After auto sector, now slow down now grips consumer durables

The PMO had recently asked the revenue department how it will meet the shortfall this year.

Published: 12th August 2019 06:39 AM  |   Last Updated: 12th August 2019 03:12 PM   |  A+A-

For representational purposes

By Express News Service

After the country’s auto sector, which has been gripped by a year-long slowdown, it’s the turn of consumer durables segment now. Fear of a slump is on the horizon, with flat sales of televisions, washing machines, refrigerators and other appliances forcing the industry to demand a reduction in Goods and Services Tax (GST) and import duty on several items. However, given the lower tax revenue, the Union finance ministry is in no mood to relent.

According to Consumer Electronics and Appliances Manufacturers’ Association, TV panel sales have declined again.
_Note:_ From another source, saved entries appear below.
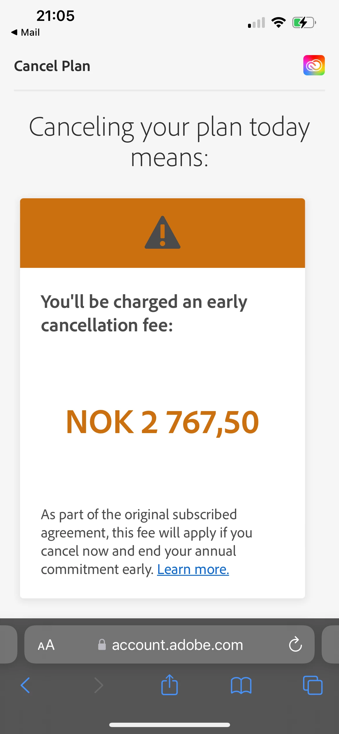 Been subscribing since July 2020. I now want to cancel my plan, and I can't without paying a ridiculus fee. My one year subscription should be over by now? I also dislike the fact that I cannot talk to an actual person..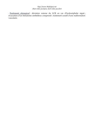 Le document traite des hémorragies cérébrales, en décrivant leurs tableaux cliniques, étiologies, pronostic et traitements. Les hémorragies capsulo-lenticulaire, du carrefour et du cervelet sont abordées avec leurs symptômes caractéristiques et facteurs de risque. Il insiste sur la nécessité d'un traitement médical et chirurgical adapté pour optimiser le pronostic fonctionnel et réduire les complications.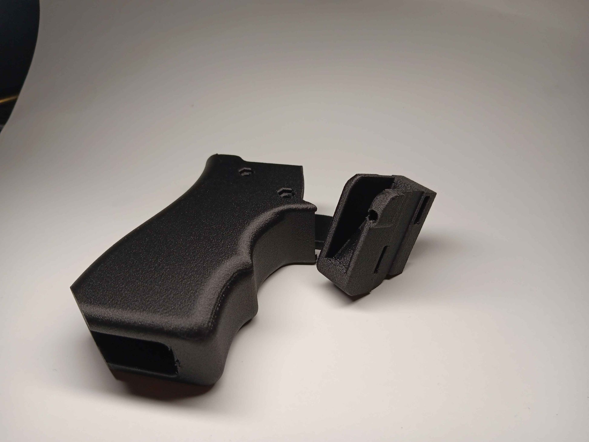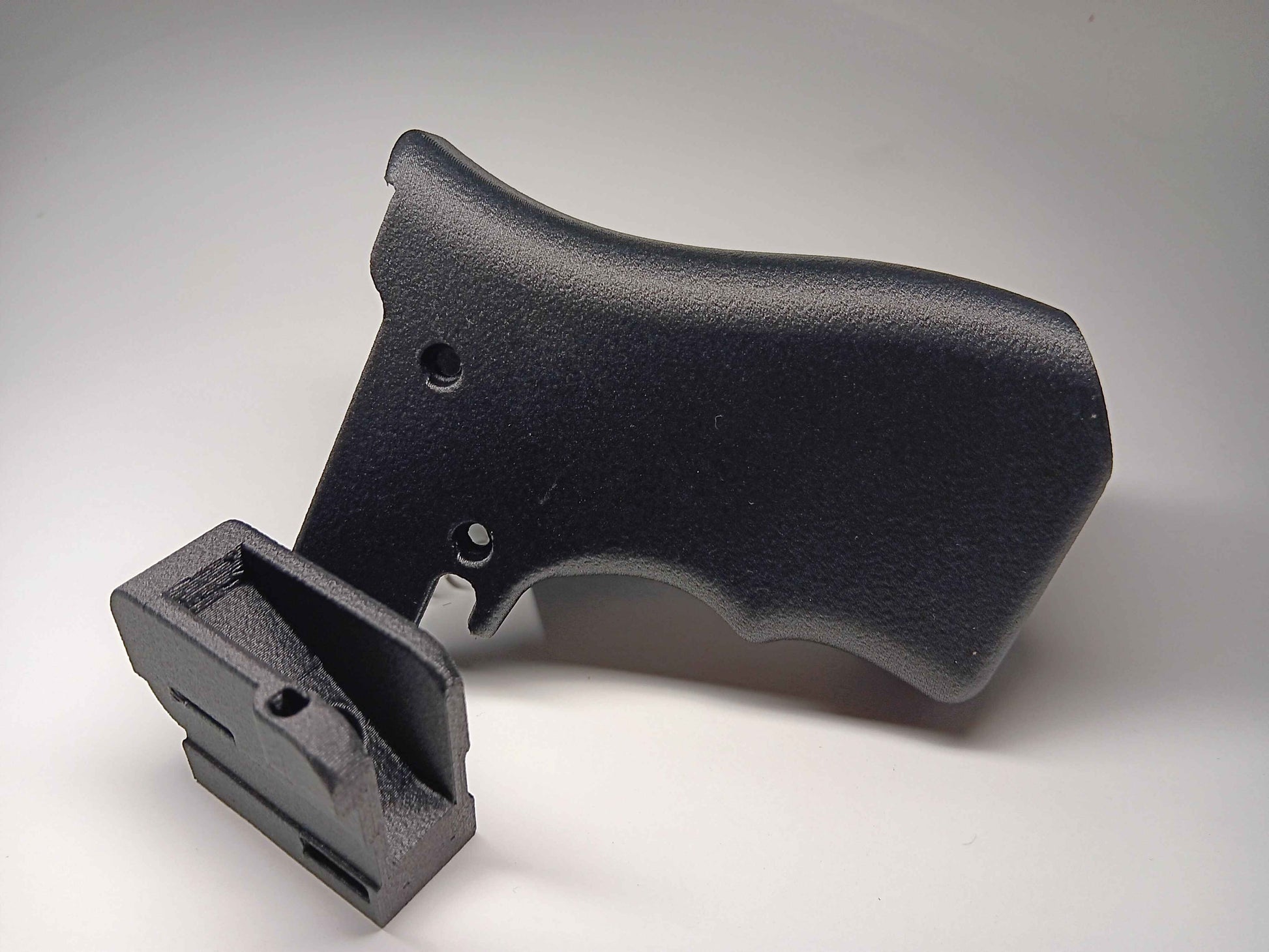 Introducing the slip grip! This grip when installed on the provided carriage will allow you to BUMPFIRE your AR15 or any firearm using the AR style grip pattern without a large stock or additional products! The purpose of bump firing is to allow the user to use the recoil of the firearm to reset the trigger and engage rapidly using inertia to re-engage the trigger via pulling the handguard away from the trigger. Resting your finger on the ledge provided allows you to hit the trigger perfect every time, this is a semi auto function and is 100% legal as you are just taking advantage of the recoil while still shooting 1 round per function of the trigger. Using only 2 m3x30 screws and a slightly trimmed down safety selector spring, this system mounts with the oem grip screw and is ridiculously strong! These are offered in left/right-handed variants and are made to order in pa6cf.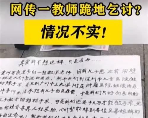 12月27日,一位來自深圳的教師跪地乞討在網上登上了熱搜,而在整個社交平臺當中有多個網帖發布深圳一中年數學教師為了救重病的兒子而跪地乞討。這個內容當中的圖片當中展現的是一位身著西裝男子當街跪地,面前則擺著幾套用的一些紙板文案以及收款的二維碼等一些物品。經過詳細的調查,該情況不屬實,同時經網上對比,帖文中該男子乞討所用的紙板文案是與當時2021年的一媒體報道外地跪地男教師的事件中的紙板文案相一致。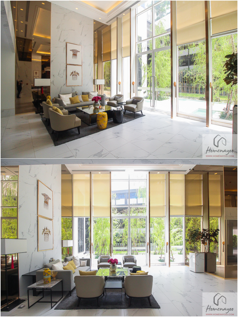 ติดกันจะเป็น Lobby ที่ใช้ผนังเป็นกระจก ทำให้ได้วิวจากสวนด้านนอก ช่วยให้บรรยากาศภายใน Lobby โปร่ง โล่ง สบายตา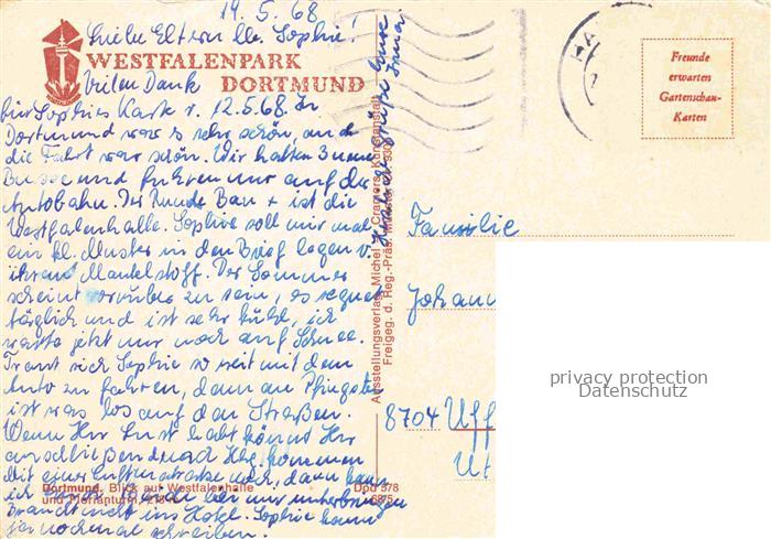 74039812 DORTMUND CITY Westfalenpark postalisch gelaufen Fliegeraufnahme Erhaltung siehe scans [FriedD77] Fliegeraufnahme alte Postkarte Frie Katcode 11110005913000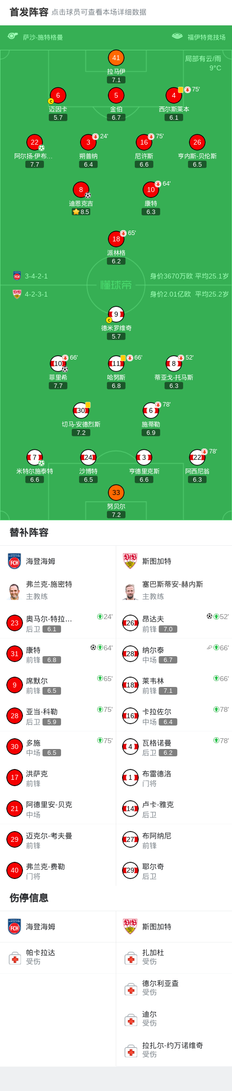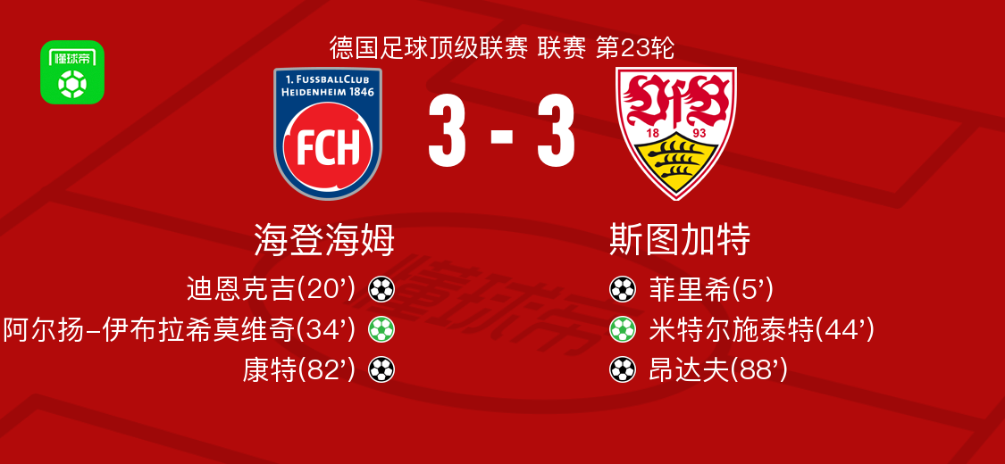 北京时间2月23日德国足球顶级联赛 联赛 第23轮,海登海姆主场对阵斯图加特。海登海姆迪恩克吉破门,康特破门,阿尔扬-伊布拉希莫维奇破门。斯图加特菲里希破门,昂达夫破门,米特尔施泰特破门。最终比分海登海姆 3–3 斯图加特。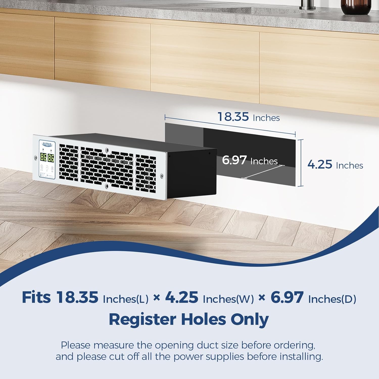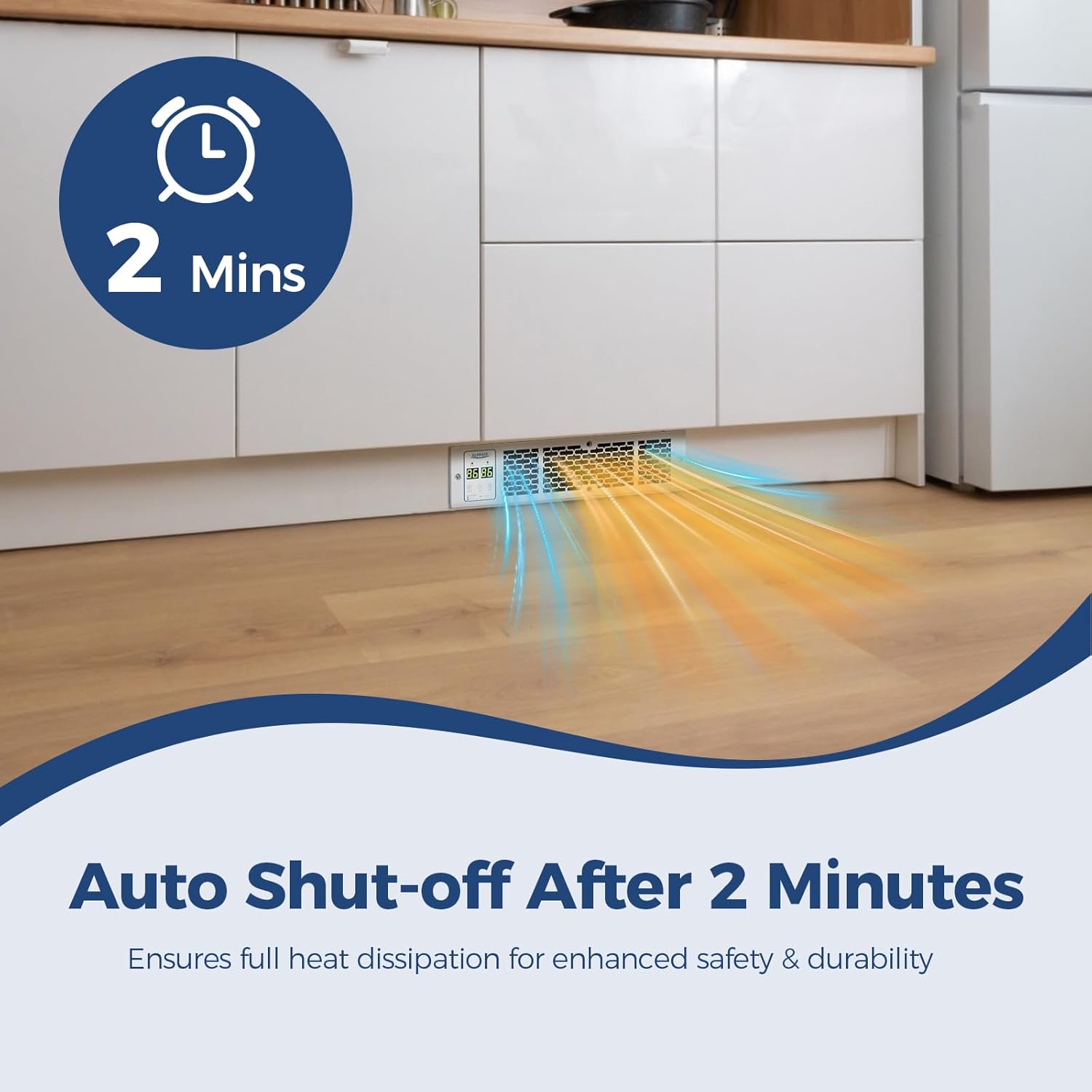 Rapid Heating with Professional-Grade Build: This 1350W electric wall heater features a high-efficiency 4520 BTU/h heating element and a 2769 RPM DC motor for stronger airflow and lower noise. With a 200mm extended blower and heating tube, this toe kick heater increases air volume and improves heating efficiency by 30%.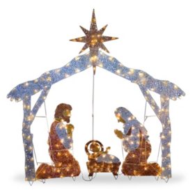Amazon Com Glittering Tinsel Nativity Christmas Decor Outdoor Holidays Decorations Home Kitchen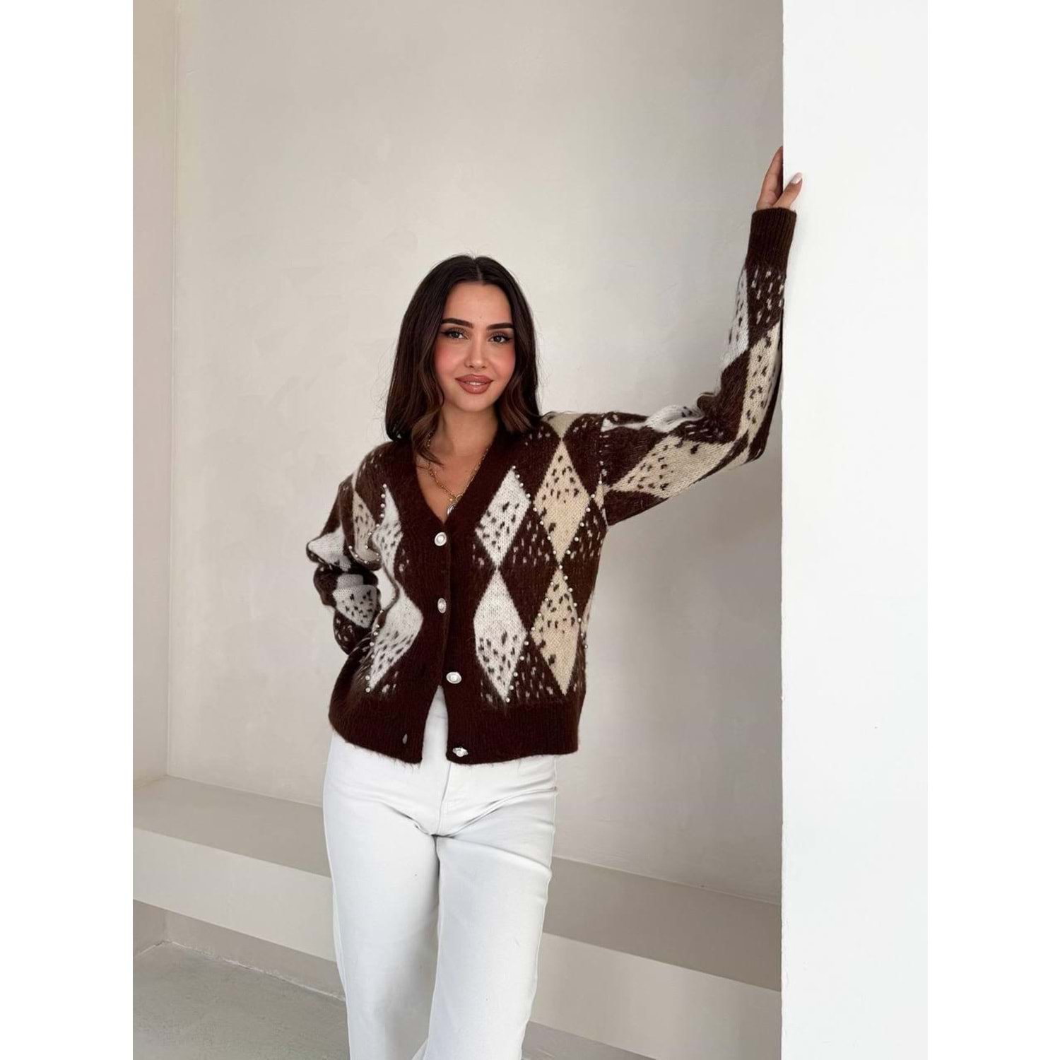 Baklava Desen Hırka 2331 - Acı Kahve - TEK BEDEN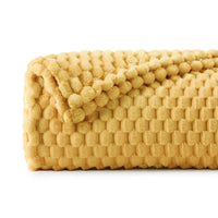 Bedelite Fleece Twin Blanket For Couch & Bed - 3D Jacquard Decorative Yellow Blanket, Super Soft And Cozy Warm Fuzzy Blanket All
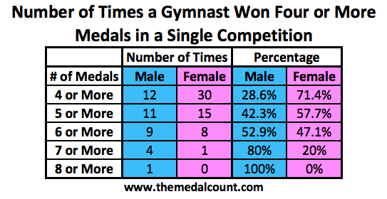 So you can say “hypothetically a male gymnast can win more medals” or “the men have more opportunity to win medals.” But that is a discussion based on the drawing board. What is more likely to happen is WAGs will win four or five medals and make it a routine occurrence. Even when adjusted to five or more medals, it has happened an equal amount of times at the Olympics in both MAG and WAG since 1992.

Sale of other home appliances like washing machines and refrigerators have seen flat growth in July, due to low consumer sentiments.

Manufacturers are now lower GST and exempt import duty on many items to boost demand ahead of the festive season. “It is recommended that tax on goods falling under categories like cement, consumer durables, automobiles and automobile components should be reduced to 18 per cent,” said industrialist Ajay Piramal.

Heads of auto sector, which is hit the worst by the slowdown, had recently met the finance minister and unanimously sought a reduction in GST to 18 per cent from 28 per cent.However, the finance ministry, which has held a series of meetings with India Inc, bankers and captains of the industry, is reluctant to reduce GST, given the low tax collections.

“While we are working on various measures, GST cuts are not feasible at this point of time. Tax collection is much below the expectations, and any reduction in corporate tax or GST will upset the fiscal math. We have already ruled out GST cut on cement,” a senior finance ministry official said.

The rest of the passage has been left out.